Abstract Nonsense

A place for musings, observations, design notes, code snippets - my thought gists.

Activation functions and empiricism

In deep learning literature, there’s a veritable menagerie of different activation functions that are commonly employed betwixt layers. Proponents of one or another class of functions will usually proffer up some rationalisation for what makes their choice grounded: differentiability, smoothness, computational complexity, numerical stability, concision…

Today I was reading through GLU Variants Improve Transformer by Noam Shazeer (also of Attention is all you need fame) and came across this gem of empiricism:

We have extended the GLU family of layers and proposed their use in Transformer. In a transfer-learning setup, the new variants seem to produce better perplexities for the de-noising objective used in pre-training, as well as better results on many downstream language-understanding tasks. These architectures are simple to implement, and have no apparent computational drawbacks. We offer no explanation as to why these architectures seem to work; we attribute their success, as all else, to divine benevolence.
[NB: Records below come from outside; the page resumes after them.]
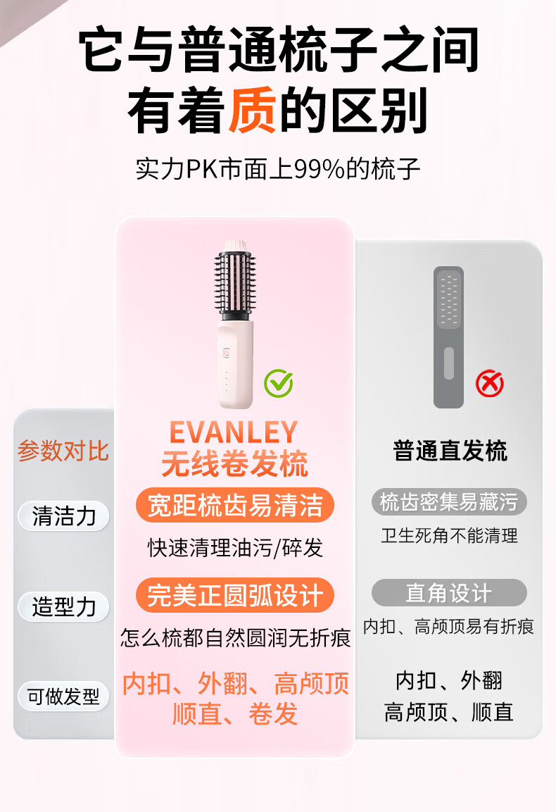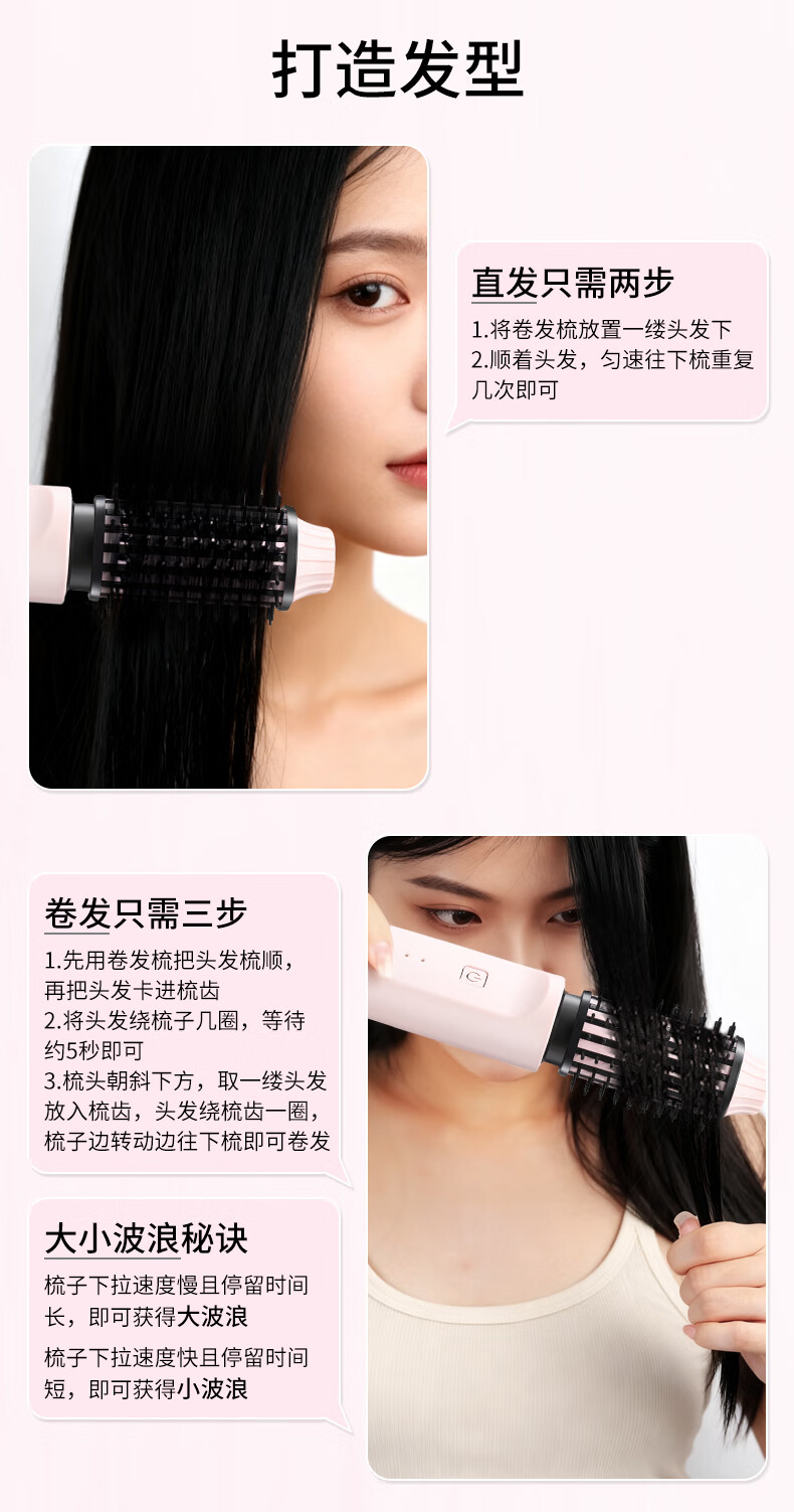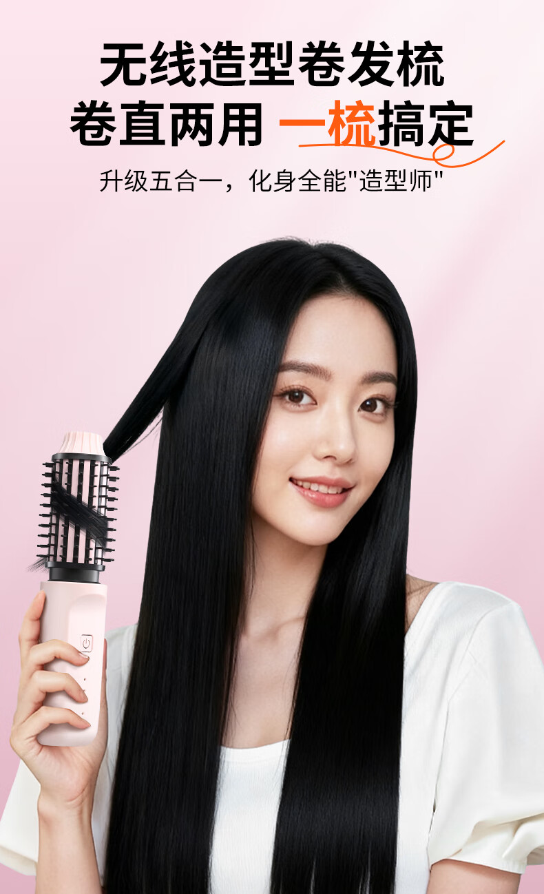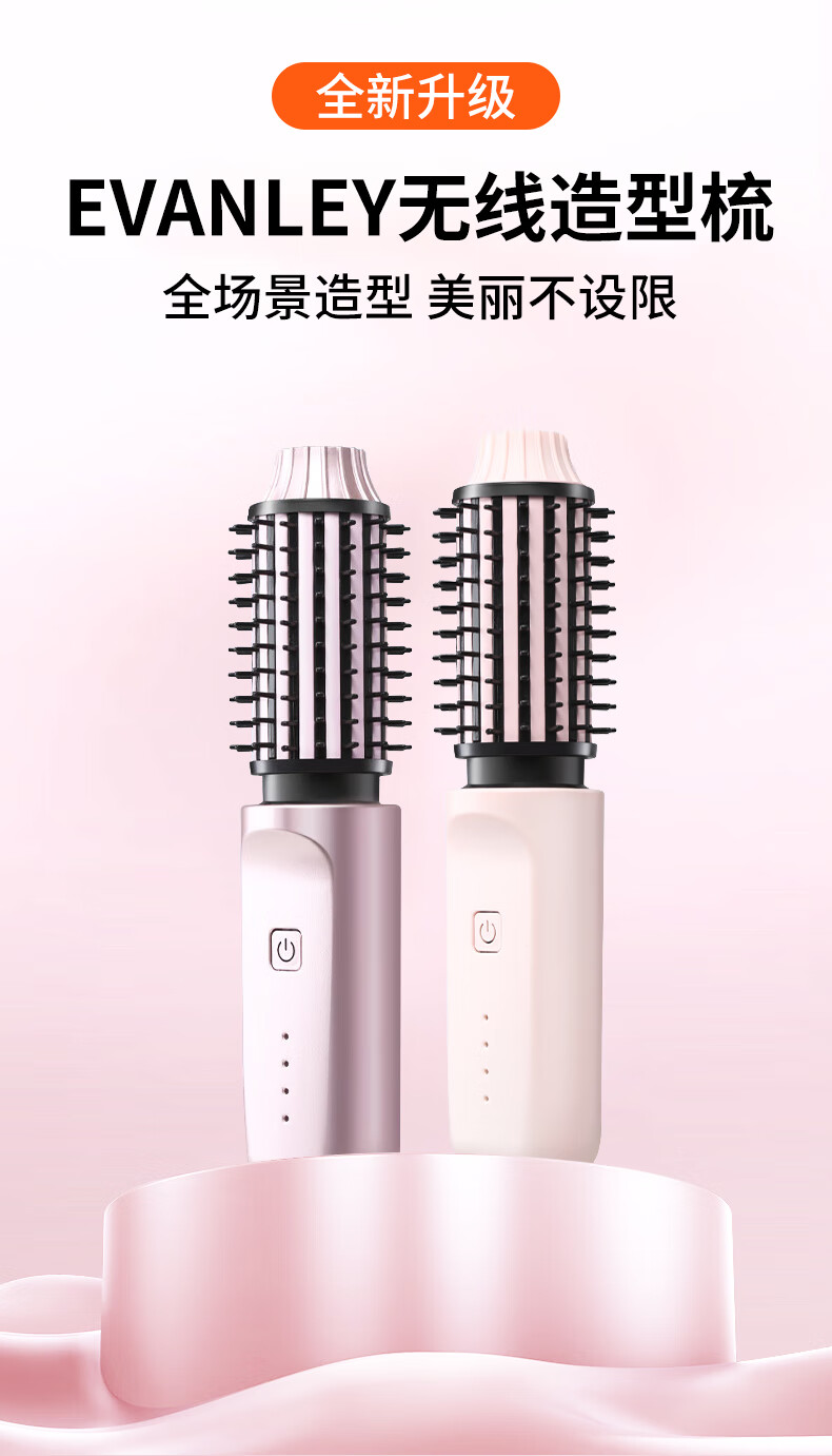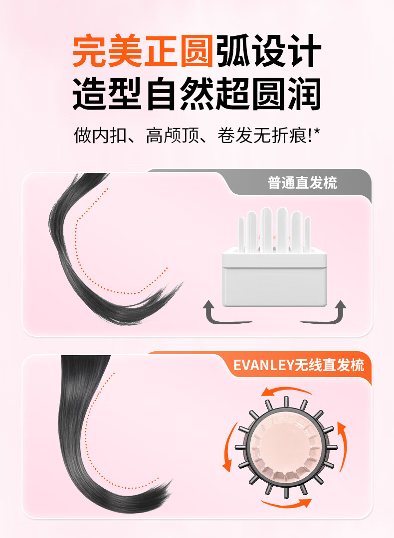 EVANLEY German Curling Comb Electric Cordless Curling Iron Curly Hair Management Magic Straight Hair Comb Short Hair Fluffy High Skull Inward Buckle Negative Ion Bangs Mini Electric Styling Comb for Girlfriend Sakura Pink 52mm Ceramic Hair Care + Billions of Negative Ions
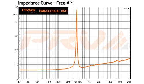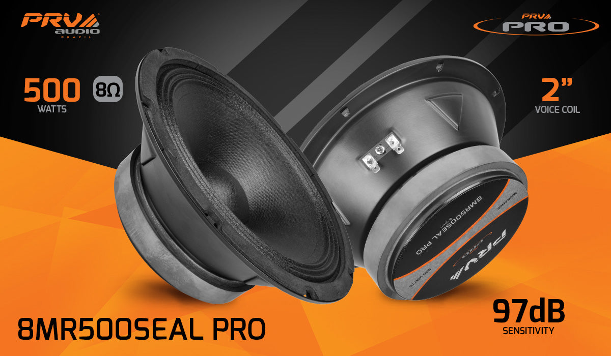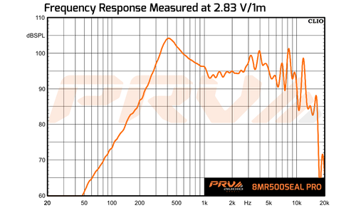 The 8MR500SEAL PRO offers very smooth midrange response to the upper midrange up to 7,500 Hz. Designed to provide definition and high output on midrange frequencies, perfect for use in any high output 3-way system.
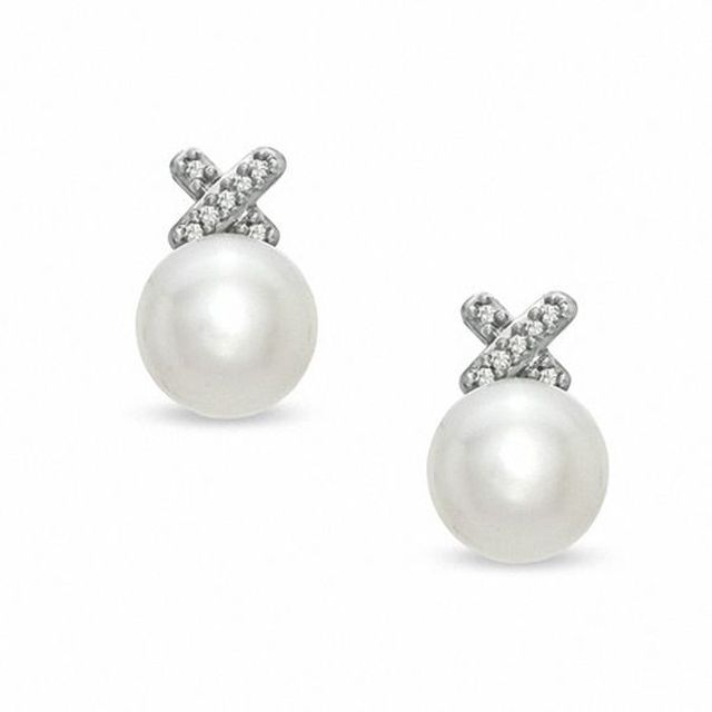 Honora 7.0-7.5mm Freshwater Cultured Pearl and Diamond Accent "X" Earrings in Sterling Silver
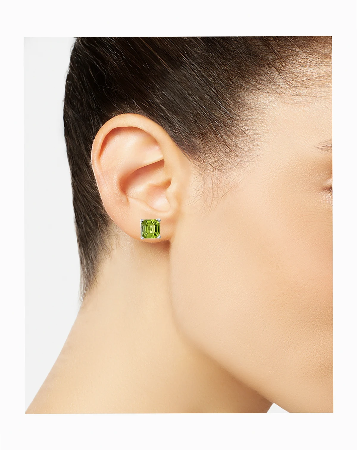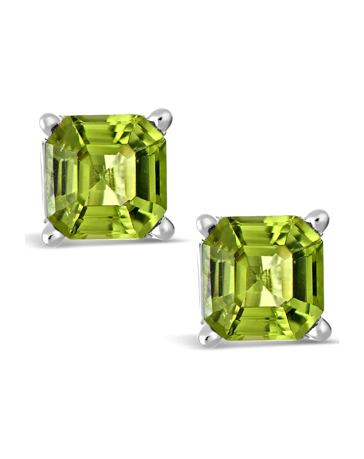 These elegant stud earrings are crafted in sterling silver and feature asscher-cut 6mm peridot gemstones. These classic earrings are comfortably secured with post back closures.
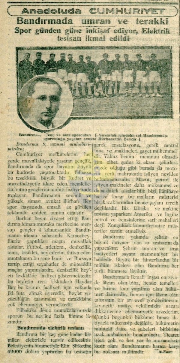 Bandırma’da Umran ve Terakki. Spor Günden Güne İnkişaf Ediyor
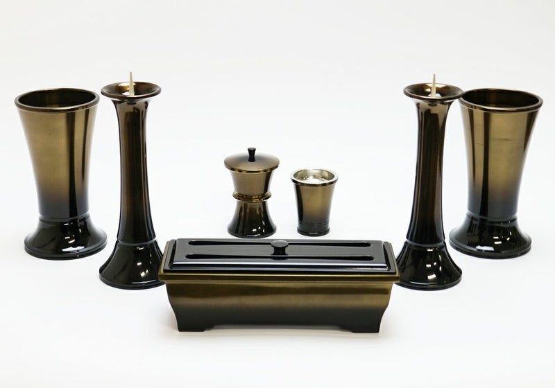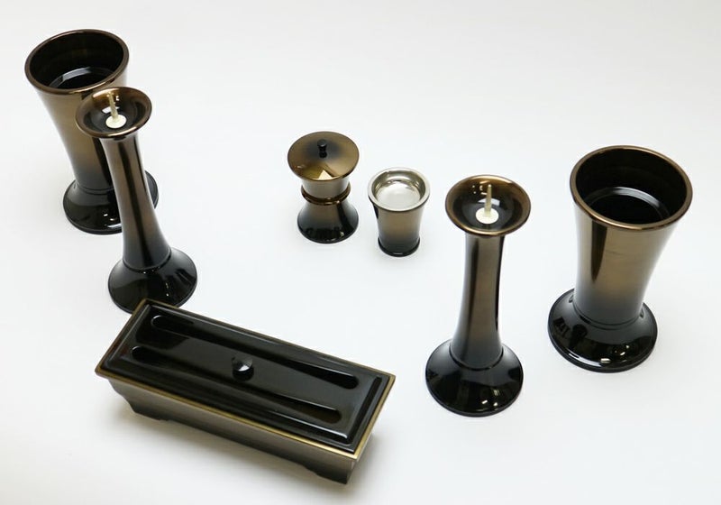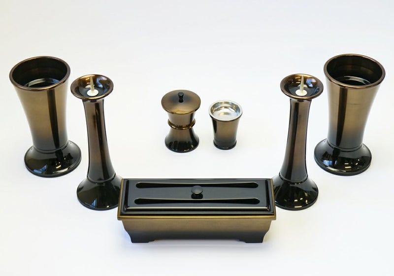 高岡銅器製/仏器・茶器・灯立×2・花立×2・香炉/中型仏壇用/ボカシ色/送料別途

Well, I appreciate the honesty.

Programming Rust

I completed reading through Programming Rust by Jim Blandy, Jason Orendorff and Leonora F. S. Tindall (Amazon). I feel like I spent too much of 2025 flitting between new concepts, and I missed the structured and concerted learning from university. A goal for 2026 was to switch from breadth-first to depth-first learning; and to be honest, I miss reading textbooks! I read this cover to cover, and overall I really enjoyed it. In particular:

  • I really enjoyed the sections on the Rust borrow checker and semantics of ownership. The diagrams were especially helpful in understanding the memory layout of Rust values and types.
  • The illustrative code examples were a bit hit-and-miss for me: I thought they were often quite bland or didn’t quite demonstrate the topic at hand very well.
  • Exercises would have been a nice touch, but there is a plethora of exercise ideas floating through the ether in any case.
  • I found the asynchronous programming section to be a bit of a mess. However, that could well be due to my lack of experience with async programming as a whole. In which case, I have much to make up for!

All in all, I found it quite an enjoyable read, and feel that I’ve got a better handle on Rust programming. I’m looking forward to picking up and reading through more textbooks this year!

Rustlings

As part of my recent quest to learn Rust, I worked through the Rustlings exercises. You’re given a series of ~100 problems, and your goal is to fix the code to make it compile with passing tests. It was a pretty quick whirl-through, and I don’t think the examples are the most interesting, but as a short introduction to the syntax and rudiments of the semantics, it does the trick with aplomb. I did quite enjoy the interactive problem-solving CLI interface, though.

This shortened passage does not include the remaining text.